If this is a feature, can I somehow get run-time per benchmark.pedantic(...)
? Sure, I can divide total_time
by rounds * iteration
but that would not be correct as setup time would be divided as well.
While this is a trivial MWE with a trivial example, my real use-case is dealing with much bigger data. Let's imagine that I'm passing path to a huge file. In the setup phase of a test method, I load this file.
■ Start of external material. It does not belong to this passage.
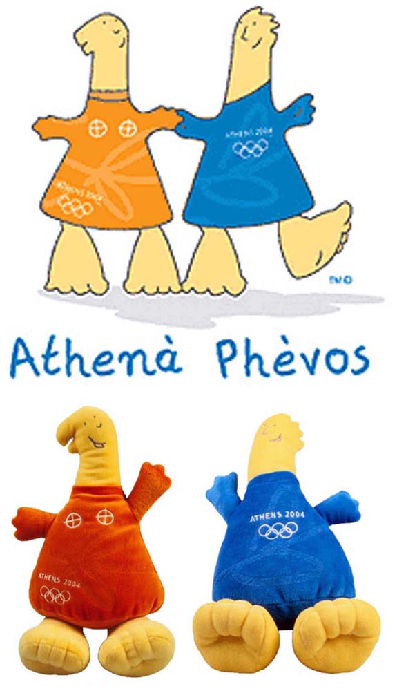 Игры XXVIII Олимпиады 2004, Афины: античные куклы Фивос (Феб, Апполон) и Афина.

Passing a loaded file directly via parametrization/fixtures is possible in theory; however, then, I would need to load all huge files to memory, keep them as parameters, and then use in the test. (Besides memory / cost requirements, it could force some memory processes on background, e.g. swaps).
Desktop (please complete the following information):
linux
Python 3.12.8
pytest-8.3.3
monitor-1.6.1
benchmark-5.1.0
xdist-3.6.1
Additional context
If this is a feature with expected behavior, please refer me to the manual.